#### [PROBLEM]
All that is needed is an exact repetition of the lines from the one containing "Bed Bug Bite: Bed" through the final line of the material, without pictures.

#### [RECORDS PROVIDED]
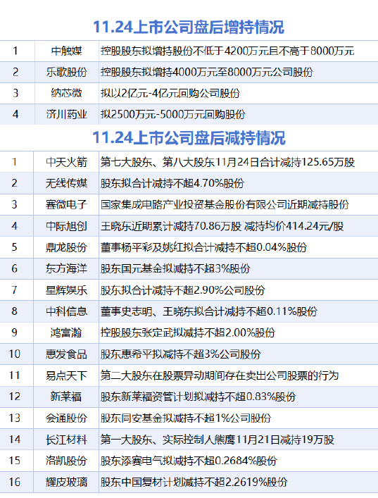 据统计,11月24日,盘后中触媒、乐歌股份、纳芯微、济川药业披露增持情况。包括中天火箭、无线传媒、赛微电子、中际旭创、鼎龙股份、东方海洋、中科信息、星辉娱乐、鸿富瀚、惠发食品、易点天下、新莱福、长江材料、会通股份、洛凯股份、耀皮玻璃在内的16家A股上市公司披露减持情况。
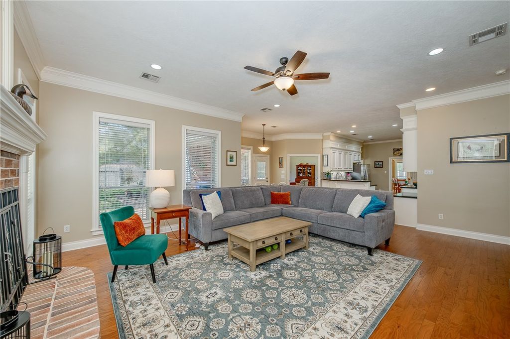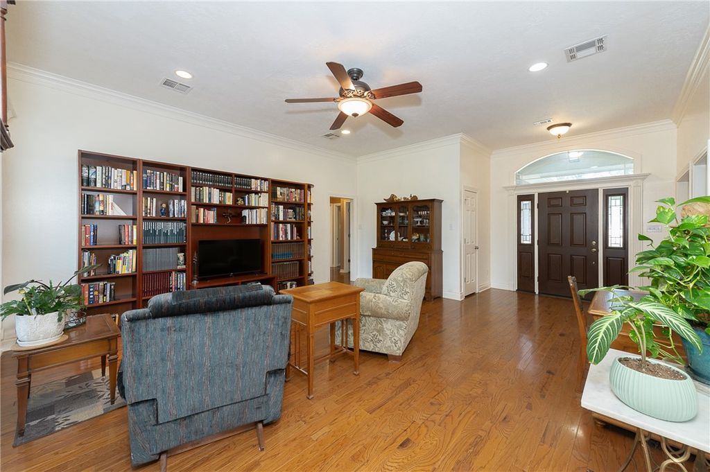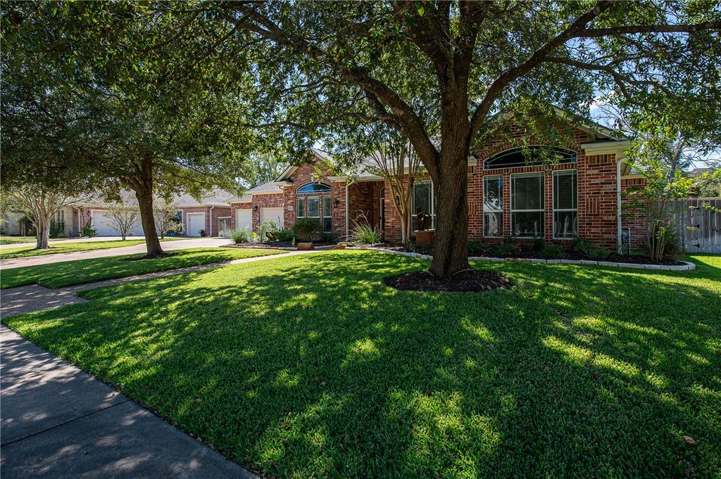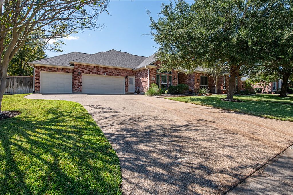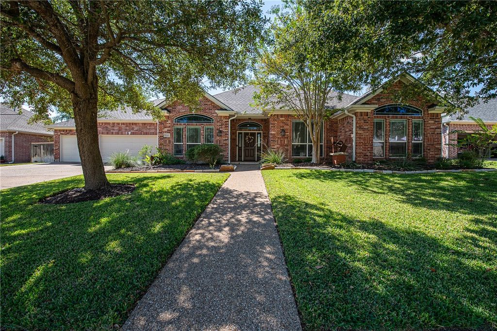 Discover this beautifully maintained 3,142 sq. ft., four bedroom, three bath home in the heart of Pebble Creek, offering generous space and flexibility for everyday living and entertaining. With two spacious living areas, three dining spaces, and a rare second master suite with a private en suite bathroom, this home is perfect for multi-generational living or hosting guests. Inside, impressive crown molding accents most of the rooms, adding a touch of elegance throughout. The large secondary bedrooms offer plenty of space, large closets and can easily serve as a home office, gym, or craft room. Recent updates include wood floors, new carpet in the bedrooms and fresh paint. The oversized three-car garage includes lots of storage space. Ideal for organization and hobbies. Step outside to a serene backyard featuring large mature trees and a covered patio, perfect for relaxing or entertaining. Located on a quiet street, this home is just steps from the neighborhood park and minutes from Pebble Creek Country Club. The art sculptures in front of the house do not stay with the house. Enjoy easy access to shopping, dining, and everything South College Station has to offer. The roof and one hot water heater were replaced in 2021. One AC unit and the furnace were also replaced in 2021.
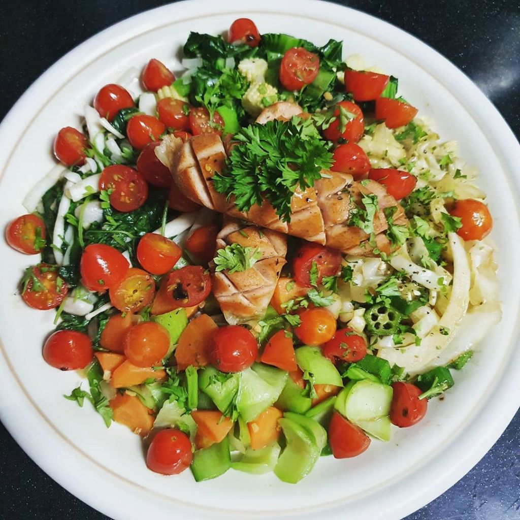Ingredients: Chicken sausage, carrot, spinach, mushroom, baby corn, cabbage, lady finger, cherry tomato, Shanghai bok choy, parsley, garlic flake, butter.
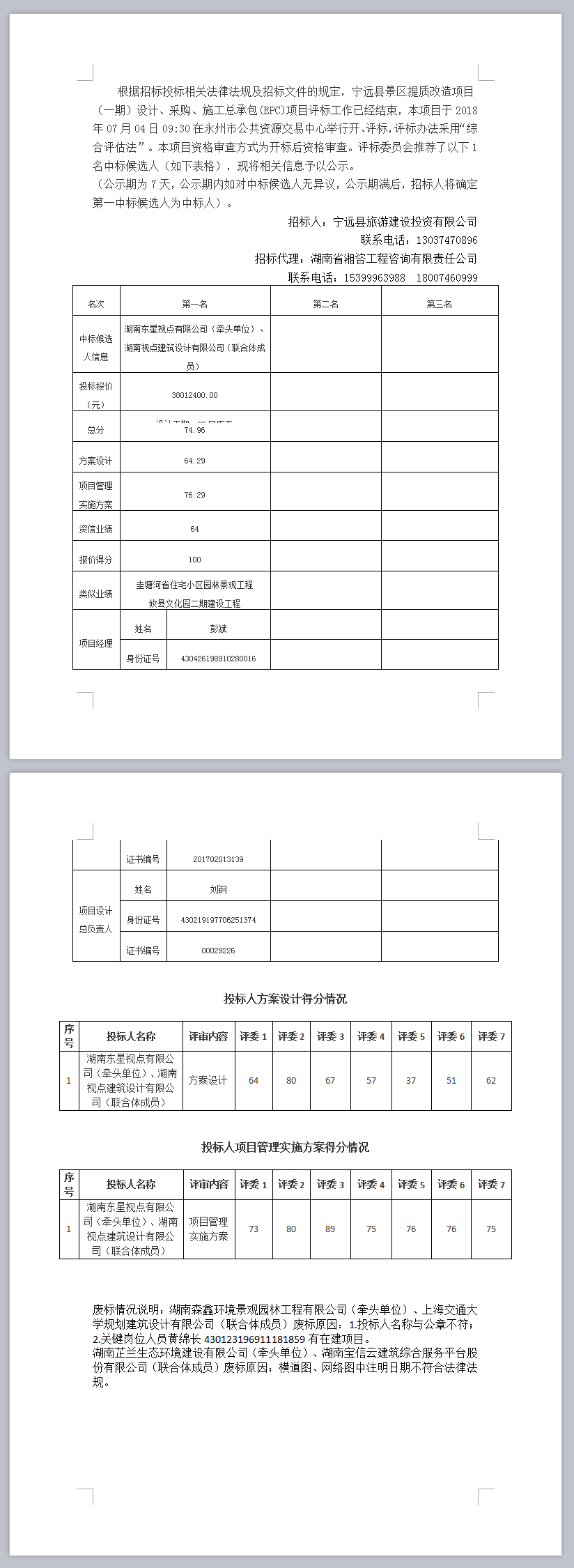 寧遠(yuǎn)縣景區(qū)提質(zhì)改造項目(一期)設(shè)計、采購、施工總承包(EPC)項目中標(biāo)候選人公示
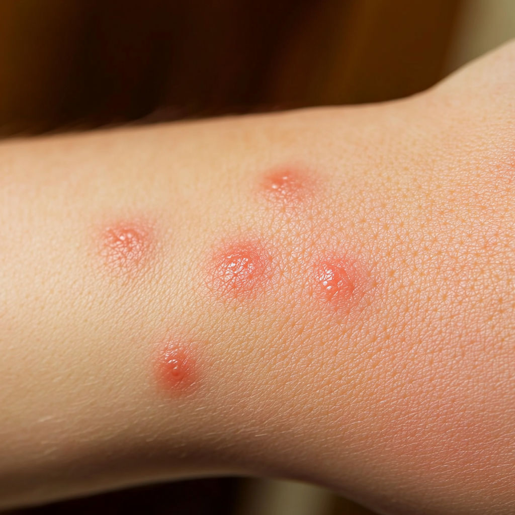 Bed Bug Bite: Bed bugs usually leave a series of bites on exposed skin (arms, neck, face). The bites appear as red, swollen spots with mild itching that can intensify over hours or days.
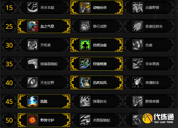 杀手本能:生命值低于 35% 的敌人将受到你的杀戮命令 50% 以上的伤害。如果您不想使用[动物伙伴],这是您的首选天赋,但使用它会造成少量 DPS 损失。
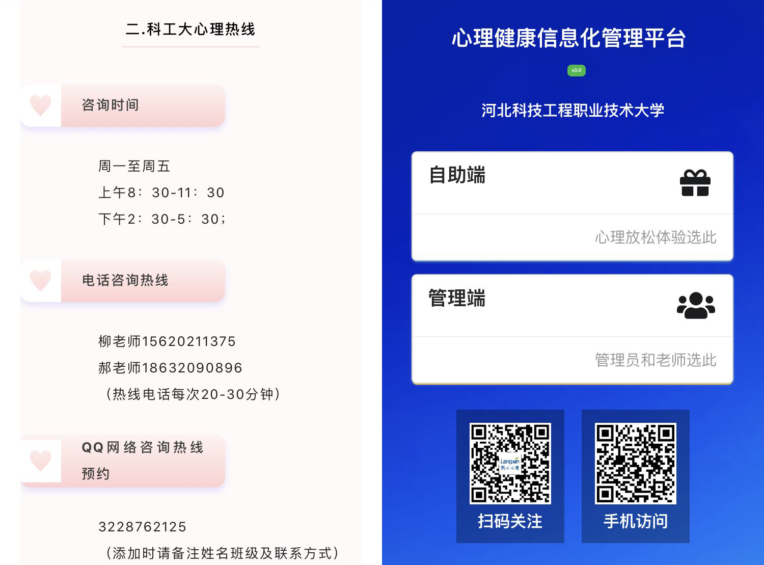 开学伊始,学校开通了心理热线。大学生心理健康中心有专业的老师全天候为全校师生提供全面的心理咨询和疏导服务。截至目前累计接待约三百人次。老师耐心倾听,帮大家答疑解惑,让大家更好地调整身心状态面对学习和生活。
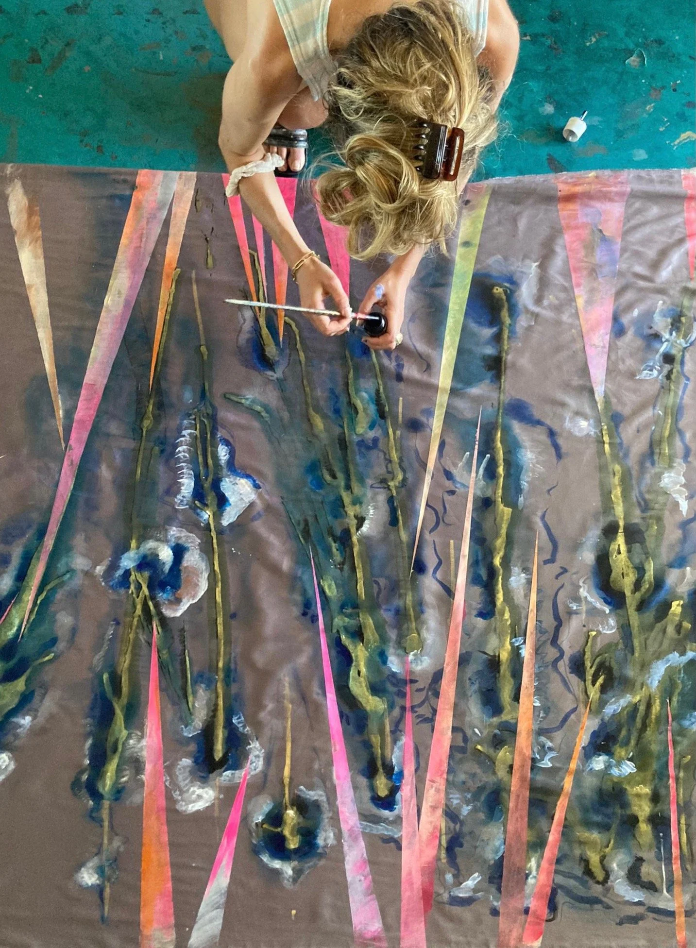 Rideau N.1 Medusa, 2021. Sateen Coton, acrylic paint.
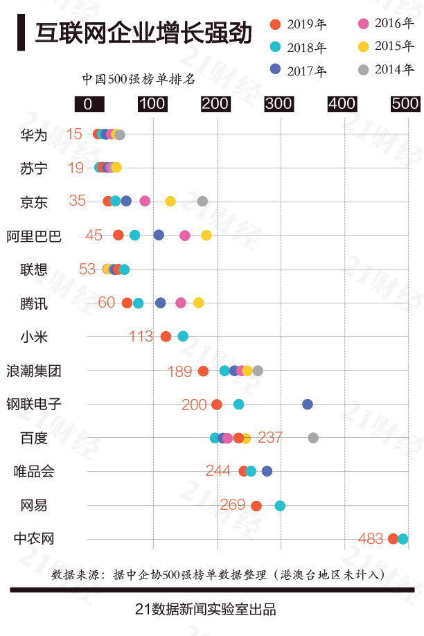 不仅数量逐渐增多,营收增速亦颇为亮眼。大部分互联网企业2019年名次(以2018年营收排名)上升明显,小米、阿里2018年营收增速高达50%,腾讯、钢联电子、京东、浪潮集团等增速也在25%以上,增长势头迅猛。
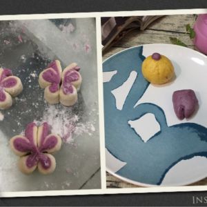 包紫薯球 戳出纹路 压的不行哦 蒸出来就没花纹了 加个小扭 小南瓜
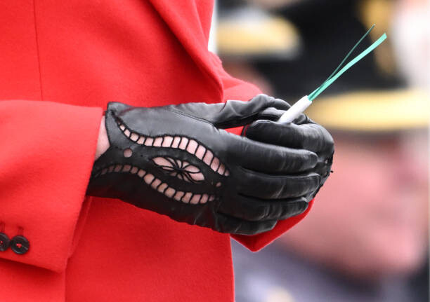 The Princess's accessories from the 1st Battalion Welsh Guard visit on the 1st of March. Credit: Gettyimages.
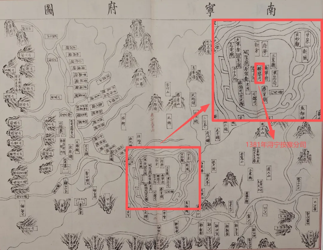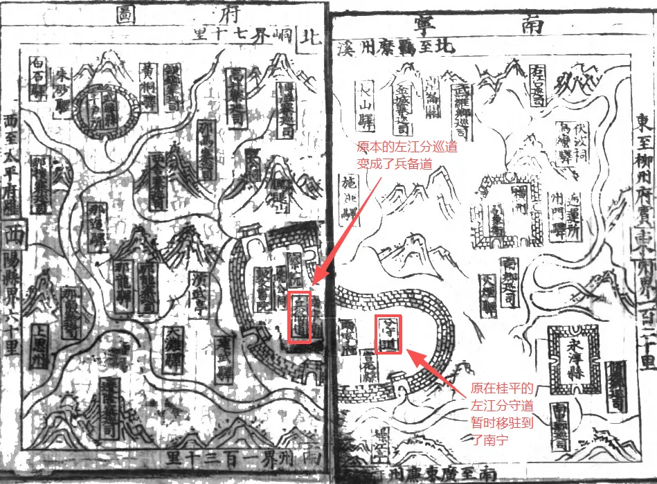 到了明嘉靖十七年(1538)编撰的《南宁府志》,其中所收录的“南宁府境图”和“南宁府城图”里,就清晰明确的标注了“左江道”,此时距离1396年设置左江道已过去142年。作为按察司的派出机构,到了明代中期其地位已变得日益重要。图中在南宁府衙右侧的“察院”,全称“都察院”,是监察御史(简称“御史”)的公署,主要职能是监察百官。御史可直接对皇帝负责,独立弹劾各级违法违规的官员,与按察司是两个不同的监察系统。明代都察院在地方设有“十三道监察御史”,一省一道。

#### [TASK RESULT]
 Bed Bug Bite: Bed bugs usually leave a series of bites on exposed skin (arms, neck, face). The bites appear as red, swollen spots with mild itching that can intensify over hours or days.
 杀手本能:生命值低于 35% 的敌人将受到你的杀戮命令 50% 以上的伤害。如果您不想使用[动物伙伴],这是您的首选天赋,但使用它会造成少量 DPS 损失。
 开学伊始,学校开通了心理热线。大学生心理健康中心有专业的老师全天候为全校师生提供全面的心理咨询和疏导服务。截至目前累计接待约三百人次。老师耐心倾听,帮大家答疑解惑,让大家更好地调整身心状态面对学习和生活。
 Rideau N.1 Medusa, 2021. Sateen Coton, acrylic paint.
 不仅数量逐渐增多,营收增速亦颇为亮眼。大部分互联网企业2019年名次(以2018年营收排名)上升明显,小米、阿里2018年营收增速高达50%,腾讯、钢联电子、京东、浪潮集团等增速也在25%以上,增长势头迅猛。
 包紫薯球 戳出纹路 压的不行哦 蒸出来就没花纹了 加个小扭 小南瓜
 The Princess's accessories from the 1st Battalion Welsh Guard visit on the 1st of March. Credit: Gettyimages.
 到了明嘉靖十七年(1538)编撰的《南宁府志》,其中所收录的“南宁府境图”和“南宁府城图”里,就清晰明确的标注了“左江道”,此时距离1396年设置左江道已过去142年。作为按察司的派出机构,到了明代中期其地位已变得日益重要。图中在南宁府衙右侧的“察院”,全称“都察院”,是监察御史(简称“御史”)的公署,主要职能是监察百官。御史可直接对皇帝负责,独立弹劾各级违法违规的官员,与按察司是两个不同的监察系统。明代都察院在地方设有“十三道监察御史”,一省一道。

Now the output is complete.